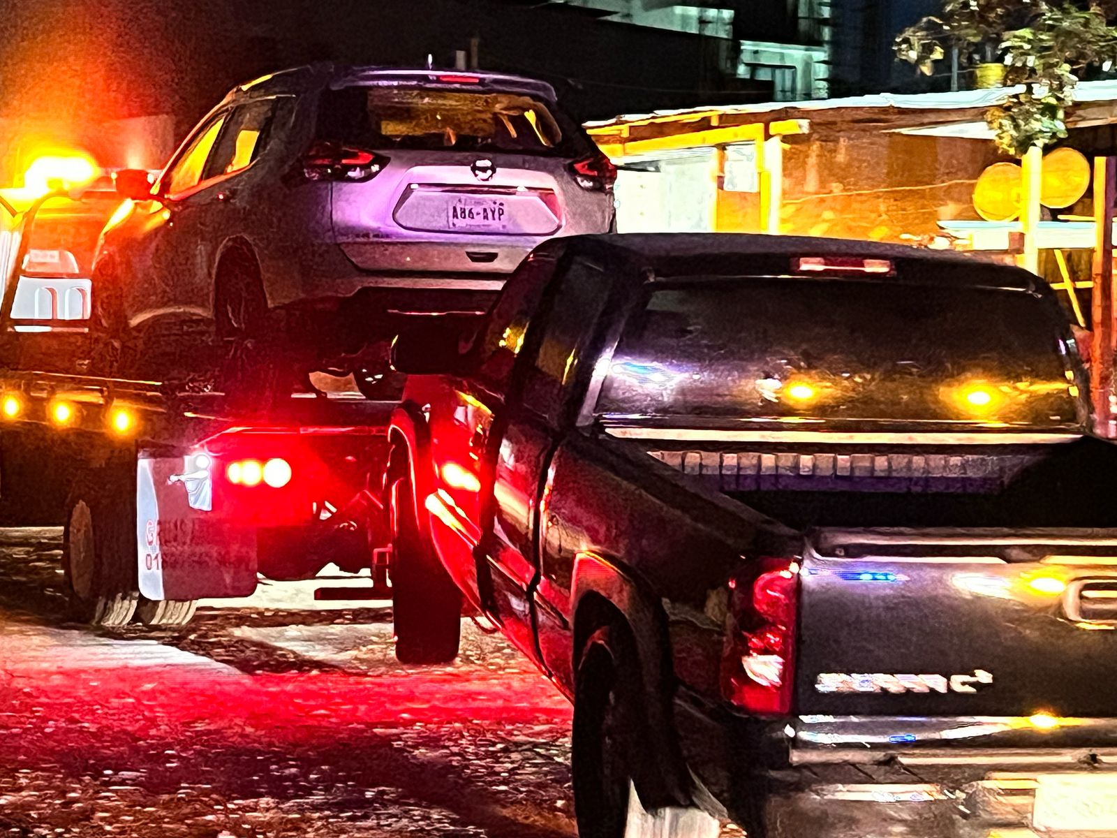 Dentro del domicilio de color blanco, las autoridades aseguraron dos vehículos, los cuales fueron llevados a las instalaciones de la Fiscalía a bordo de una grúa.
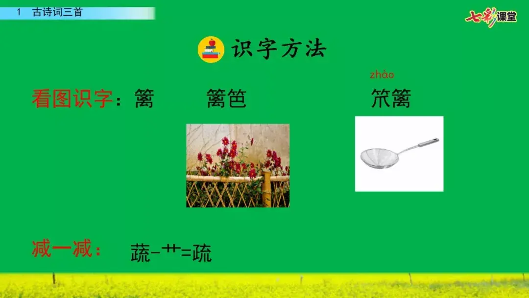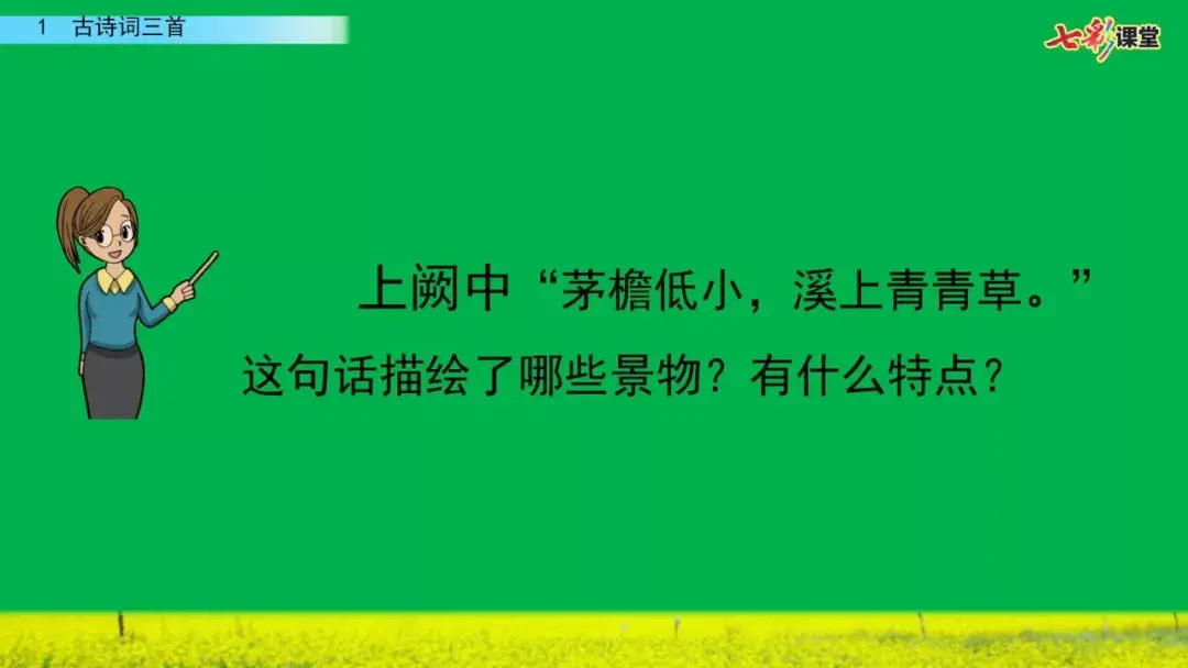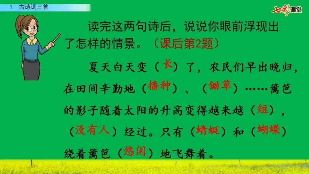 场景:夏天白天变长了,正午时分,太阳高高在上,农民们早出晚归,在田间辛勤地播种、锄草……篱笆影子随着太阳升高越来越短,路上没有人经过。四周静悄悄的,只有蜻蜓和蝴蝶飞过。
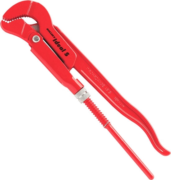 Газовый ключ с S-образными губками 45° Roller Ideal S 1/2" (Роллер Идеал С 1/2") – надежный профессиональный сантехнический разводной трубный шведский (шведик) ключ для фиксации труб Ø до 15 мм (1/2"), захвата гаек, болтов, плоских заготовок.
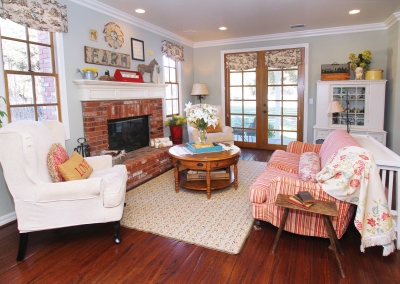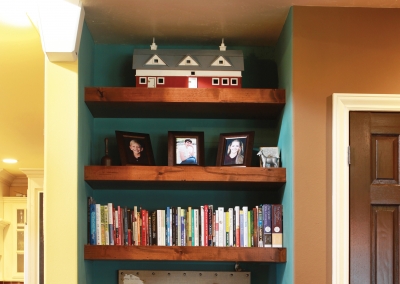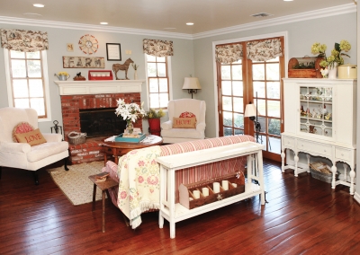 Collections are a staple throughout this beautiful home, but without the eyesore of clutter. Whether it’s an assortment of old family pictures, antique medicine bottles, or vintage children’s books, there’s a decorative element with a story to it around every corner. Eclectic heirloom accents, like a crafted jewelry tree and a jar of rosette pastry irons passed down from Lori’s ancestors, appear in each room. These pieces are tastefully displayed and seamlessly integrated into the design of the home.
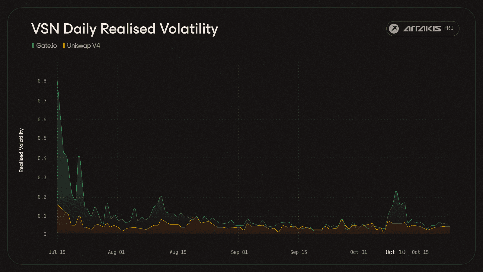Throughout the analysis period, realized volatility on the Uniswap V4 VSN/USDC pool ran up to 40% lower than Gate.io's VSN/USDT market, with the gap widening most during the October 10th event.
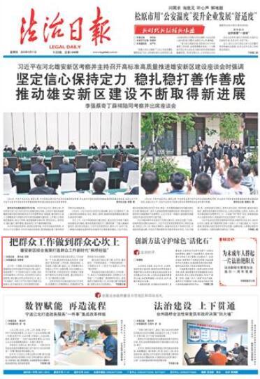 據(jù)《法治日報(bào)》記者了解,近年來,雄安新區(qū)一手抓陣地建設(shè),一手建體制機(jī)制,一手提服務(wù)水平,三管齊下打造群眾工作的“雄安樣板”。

...

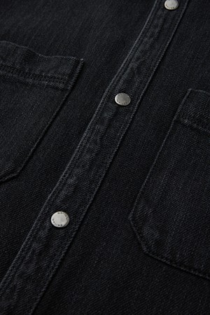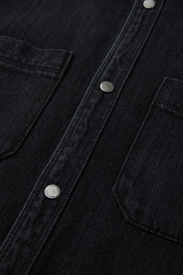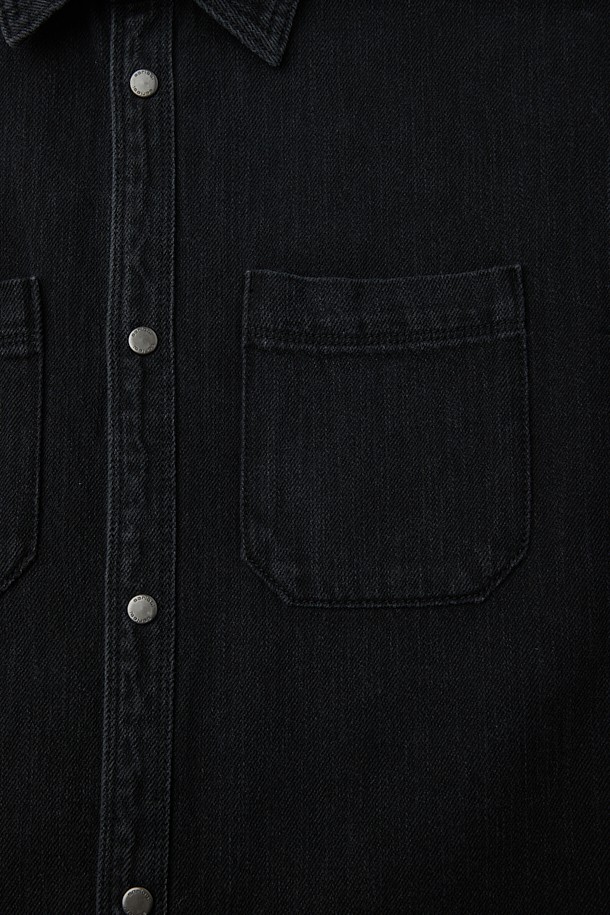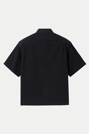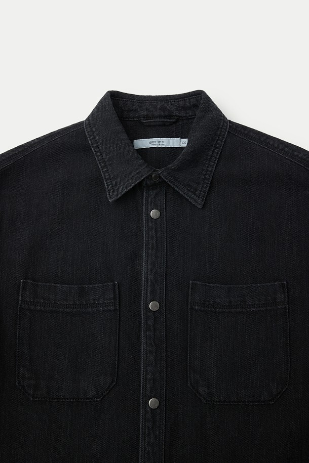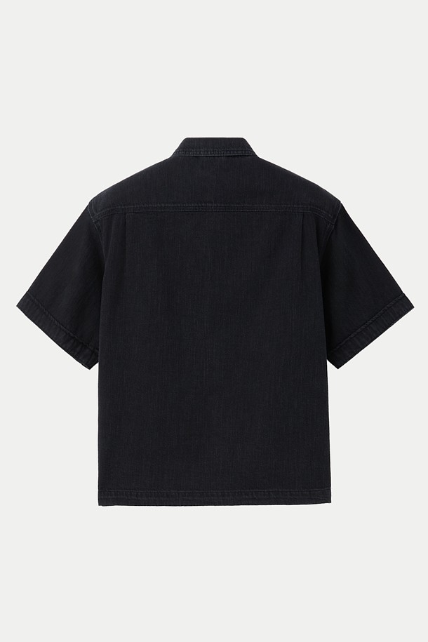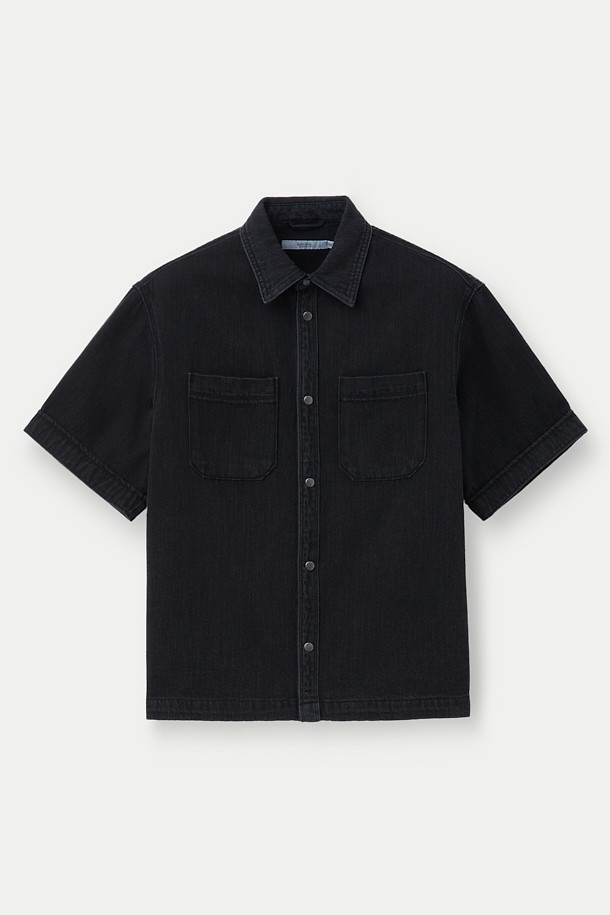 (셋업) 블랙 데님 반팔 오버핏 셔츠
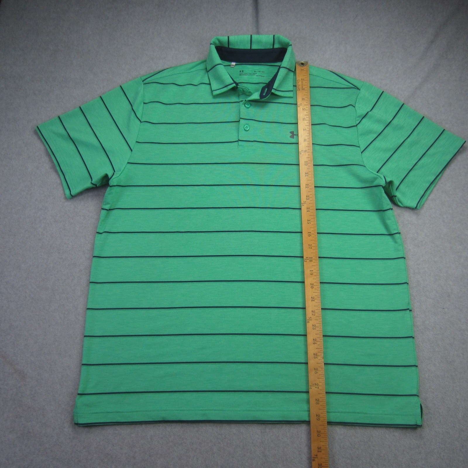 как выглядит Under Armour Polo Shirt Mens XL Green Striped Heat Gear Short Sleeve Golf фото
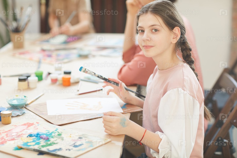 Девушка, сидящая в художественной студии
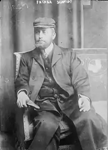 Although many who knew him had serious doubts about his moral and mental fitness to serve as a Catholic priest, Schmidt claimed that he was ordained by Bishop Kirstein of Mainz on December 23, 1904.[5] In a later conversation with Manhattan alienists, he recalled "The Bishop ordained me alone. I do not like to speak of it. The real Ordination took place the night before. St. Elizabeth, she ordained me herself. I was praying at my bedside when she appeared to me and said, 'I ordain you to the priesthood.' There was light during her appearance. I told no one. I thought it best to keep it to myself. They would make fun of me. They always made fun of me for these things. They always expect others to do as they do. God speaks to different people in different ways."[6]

==

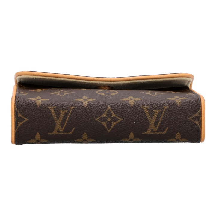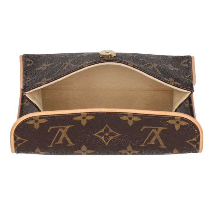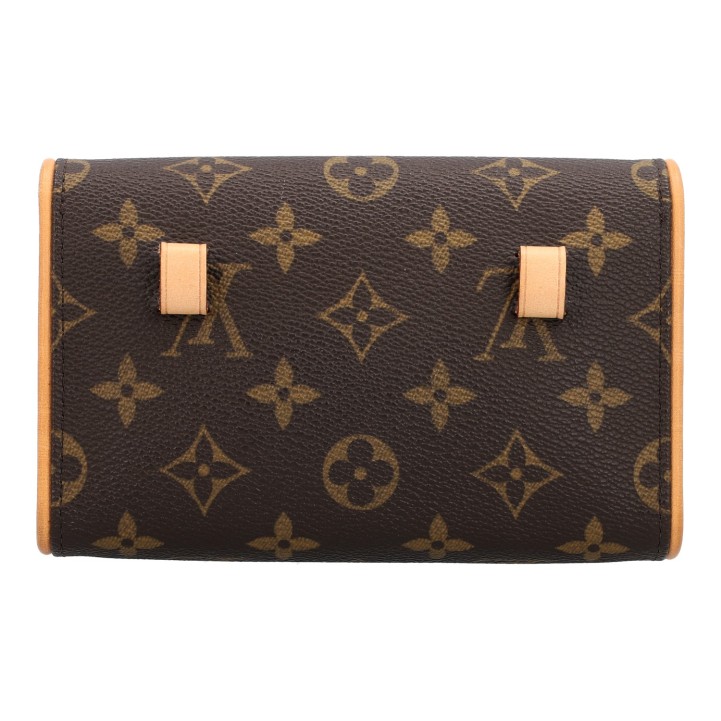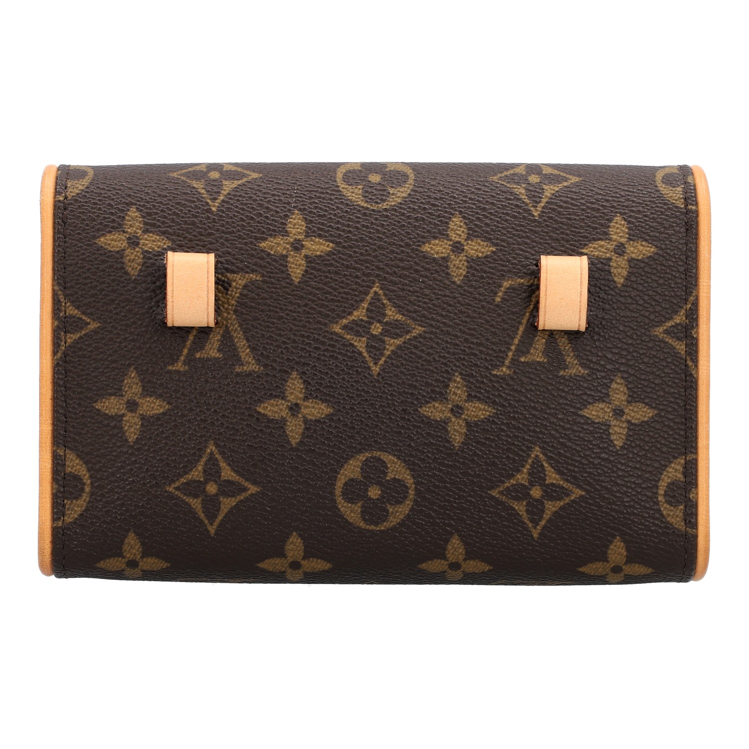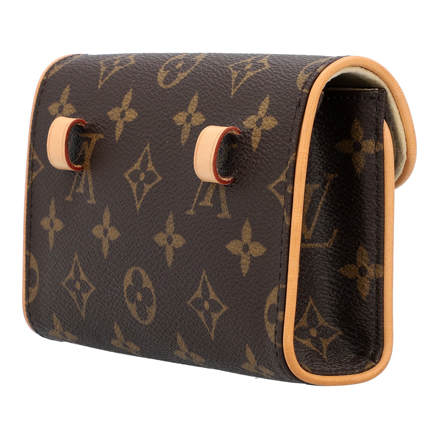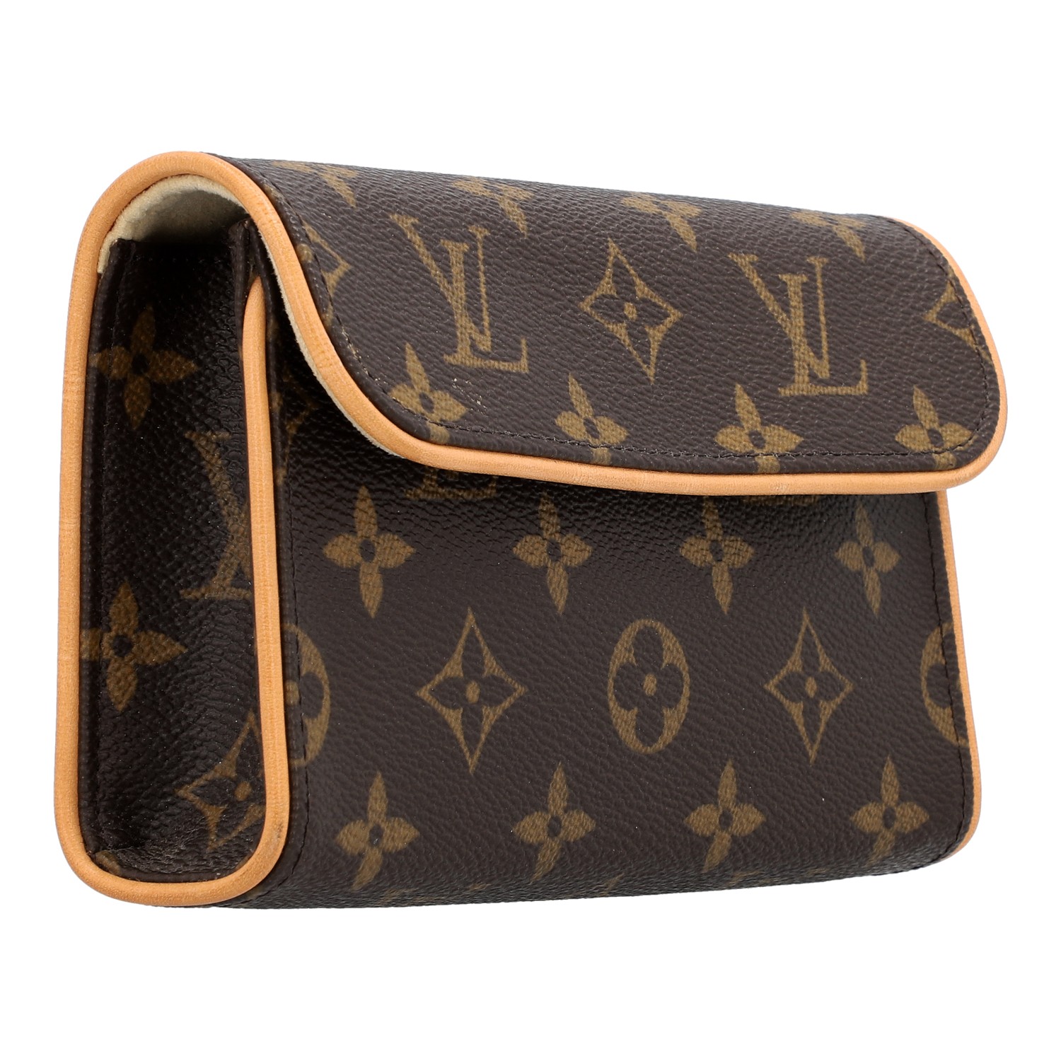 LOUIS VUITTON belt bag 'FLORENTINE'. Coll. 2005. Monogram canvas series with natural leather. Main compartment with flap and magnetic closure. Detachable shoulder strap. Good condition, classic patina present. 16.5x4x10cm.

*Problem to solve:* Extract, without any images, the part of the material above that opens with the line containing "(셋업) 블랙 데님 반팔 오버핏 셔츠" and closes with the line containing "Девушка, сидящая в художественной студии", both lines included.

*Response area:*
 (셋업) 블랙 데님 반팔 오버핏 셔츠
 как выглядит Under Armour Polo Shirt Mens XL Green Striped Heat Gear Short Sleeve Golf фото
 Девушка, сидящая в художественной студии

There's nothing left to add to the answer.